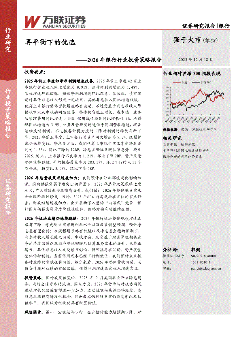 银行业:万联证券-2026年银行行业投资策略报告:再平衡下的优选-251218
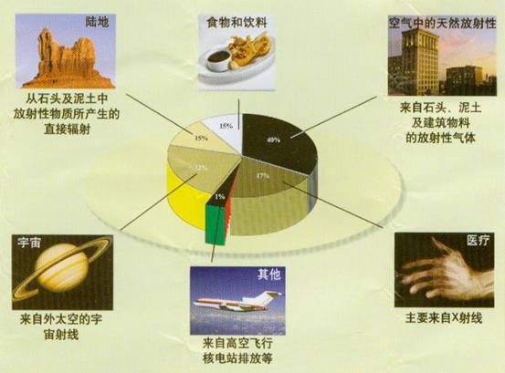 人們受到的放射性照射大約有82%來自天然環(huán)境,大約有17%來自醫(yī)療診斷,而來自其他活動(dòng)大約只有1%。
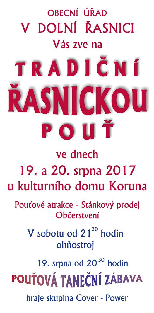 V sobotu od 20.30 Pouťová taneční zábava – hraje skupina Cover – Power a od 21.30 hodin ohňostroj
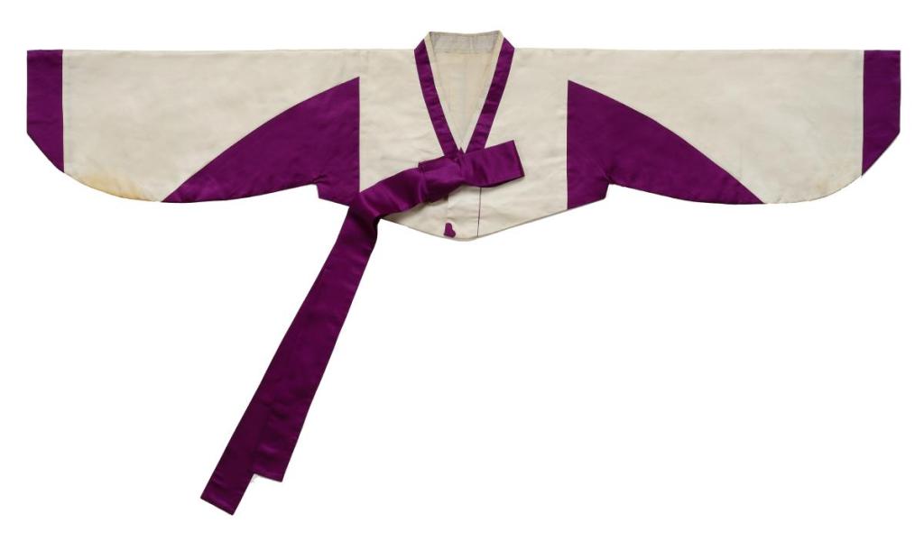 Mortuary clothe. Ramie Mosi – 모시, silk organza and Hangra gauze, gold stamped for the jacket Dangui – 당의.
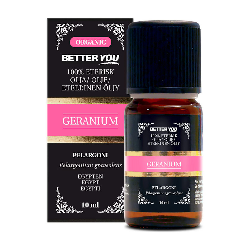 Ekologisk Geraniumolja har en söt doft med inslag av ros och citron. Används till hudvård och aromaterapi bland annat.

----

**AIM OF THE EXERCISE:** Leave the pictures out and reproduce exactly the lines from the line with "Mortuary clothe. Ramie" to the end of the material above.

**RESULT OF THIS EXERCISE:**
 Mortuary clothe. Ramie Mosi – 모시, silk organza and Hangra gauze, gold stamped for the jacket Dangui – 당의.
 Ekologisk Geraniumolja har en söt doft med inslag av ros och citron. Används till hudvård och aromaterapi bland annat.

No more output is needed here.